Modern business competition is no longer individual company versus another company but two opposite supply chains against each other [13]. Most commercial brands of products today consist of collaborative efforts from various suppliers rather than efforts of a firm alone [11]. Accordingly, supply chain is a business paradigm for present and future. Modern business encounters great difficulties of dynamic environment more then ever. A successful supply chain management (SCM) can help achieve agility through the ability to respond quickly to customer demand and by reducing operating costs. Most firms employ either commercial or customized SCM tools to make their business successful. The basic requirements of supply chain partners are willing to accommodate the uncertainties and variations i n e a c h o t h e r ' s businesses. Thus, SCM is a typical way of managing the business and its relationships.
Traditional supply chain focused on enhancing efficiency of business functions. However, modern business encounters dynamic products and complicated supplydemand relationships more then ever. At the strategic manufacturing planning level, capable firms must not only control and collaborate with existing supply chain partners efficiently but also need to keep watch for potential partners [14]. Since the upstream or downstream of supply chain can be extended one tier to another, monitoring all tiers of suppliers is not easy [2]. A strategic planning of supply chain partners is a company's vision of what it wants to cope with changes in competitive environments [12]. Supply chain partners in both up-and downstream might be extended many tiers.

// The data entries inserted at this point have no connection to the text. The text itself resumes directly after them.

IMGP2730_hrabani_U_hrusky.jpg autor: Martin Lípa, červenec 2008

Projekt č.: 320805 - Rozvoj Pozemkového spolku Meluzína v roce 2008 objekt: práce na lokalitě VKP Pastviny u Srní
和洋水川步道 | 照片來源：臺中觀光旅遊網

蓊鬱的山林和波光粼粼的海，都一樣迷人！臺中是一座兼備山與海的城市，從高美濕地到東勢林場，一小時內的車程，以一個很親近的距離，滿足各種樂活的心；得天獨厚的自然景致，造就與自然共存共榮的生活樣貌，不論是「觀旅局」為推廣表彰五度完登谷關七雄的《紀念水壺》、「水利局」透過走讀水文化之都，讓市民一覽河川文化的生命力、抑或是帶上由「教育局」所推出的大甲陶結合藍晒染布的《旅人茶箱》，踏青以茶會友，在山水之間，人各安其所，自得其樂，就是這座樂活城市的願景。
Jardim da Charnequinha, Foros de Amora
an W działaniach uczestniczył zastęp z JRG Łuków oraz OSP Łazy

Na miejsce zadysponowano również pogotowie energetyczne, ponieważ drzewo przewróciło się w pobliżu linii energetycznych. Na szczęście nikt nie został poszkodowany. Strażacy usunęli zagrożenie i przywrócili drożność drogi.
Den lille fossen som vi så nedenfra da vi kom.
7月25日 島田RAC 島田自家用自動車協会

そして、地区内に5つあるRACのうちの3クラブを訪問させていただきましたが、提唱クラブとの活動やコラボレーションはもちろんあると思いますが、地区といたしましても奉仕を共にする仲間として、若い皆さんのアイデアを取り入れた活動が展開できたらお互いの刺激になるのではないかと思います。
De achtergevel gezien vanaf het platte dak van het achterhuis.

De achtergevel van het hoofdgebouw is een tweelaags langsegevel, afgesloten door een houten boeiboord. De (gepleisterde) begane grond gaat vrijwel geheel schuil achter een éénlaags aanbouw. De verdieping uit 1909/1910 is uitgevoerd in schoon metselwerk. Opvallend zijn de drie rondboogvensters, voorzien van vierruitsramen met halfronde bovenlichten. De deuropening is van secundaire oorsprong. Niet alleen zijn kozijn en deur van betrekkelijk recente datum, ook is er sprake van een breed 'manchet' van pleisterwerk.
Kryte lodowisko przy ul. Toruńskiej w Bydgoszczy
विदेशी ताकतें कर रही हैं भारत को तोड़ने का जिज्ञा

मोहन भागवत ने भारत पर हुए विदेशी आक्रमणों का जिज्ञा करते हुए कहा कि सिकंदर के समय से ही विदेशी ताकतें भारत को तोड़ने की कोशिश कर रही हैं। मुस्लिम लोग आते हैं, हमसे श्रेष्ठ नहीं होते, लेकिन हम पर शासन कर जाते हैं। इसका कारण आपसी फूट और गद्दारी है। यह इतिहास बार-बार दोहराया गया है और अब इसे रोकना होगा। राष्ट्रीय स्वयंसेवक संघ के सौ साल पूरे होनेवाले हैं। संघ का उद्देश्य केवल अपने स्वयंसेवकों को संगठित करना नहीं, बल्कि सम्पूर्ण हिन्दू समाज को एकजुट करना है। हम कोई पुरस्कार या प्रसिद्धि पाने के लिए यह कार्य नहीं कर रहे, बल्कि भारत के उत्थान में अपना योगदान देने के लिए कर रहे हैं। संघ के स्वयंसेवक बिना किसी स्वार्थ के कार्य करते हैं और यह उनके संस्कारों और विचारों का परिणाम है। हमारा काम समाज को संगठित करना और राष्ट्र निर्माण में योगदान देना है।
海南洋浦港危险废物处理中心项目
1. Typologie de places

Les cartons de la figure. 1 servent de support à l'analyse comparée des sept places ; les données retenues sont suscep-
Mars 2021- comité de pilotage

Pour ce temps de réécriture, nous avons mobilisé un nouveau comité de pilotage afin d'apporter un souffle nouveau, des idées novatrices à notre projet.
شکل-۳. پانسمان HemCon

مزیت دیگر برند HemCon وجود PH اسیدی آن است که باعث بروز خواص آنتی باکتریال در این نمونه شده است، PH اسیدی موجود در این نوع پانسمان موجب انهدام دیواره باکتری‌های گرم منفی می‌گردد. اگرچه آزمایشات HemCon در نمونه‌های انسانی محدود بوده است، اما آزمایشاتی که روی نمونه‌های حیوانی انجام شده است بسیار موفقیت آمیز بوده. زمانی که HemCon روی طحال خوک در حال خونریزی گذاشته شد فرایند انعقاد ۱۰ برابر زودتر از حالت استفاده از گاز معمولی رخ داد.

In additional, any partner in different tier can derive its own partners that cause multi-dimensions rather than a single hierarchy of supply chains. The challenge in controlling such a network stems from the nature of relationships between supply chain partners [17]. Though many companies have utilized supply chain management tools, the challenge then arise how many tiers of suppliers that a firm can really handle them. Olhager and Selldin have reported a SCM utilization survey of Swedish manufacturing firms [16]. There is a low rate of results concerning supply chain integration especially in integrating upstream operations such as 1 st and 2 nd tier suppliers.
As mentioned above, identifying entire supply chain partnerships is one of key success elements in modern manufacturing collaboration. Without knowing which partners of a supply chain, planning system cannot establish specific supply chain visions. Absence of knowing potential partners, we cannot make an agile composition of supply chain partners. To extend supply chain planning and control, the main purposes of this study are threefold: (1) How to identify who the partners of the entire supply chain are. (2) How to implement network traversal; and (3) How to provide mechanism in managing a composition of supply chain partners. This study first utilized ontological knowledge framework to model the task domain related to supply chain partners. Then, we developed rules to define how supply chain partners are behaved, how a production planning is made, and so on. After knowledge and rules have been built, existing facts can be linked to generate and infer proper connection of a spanned network.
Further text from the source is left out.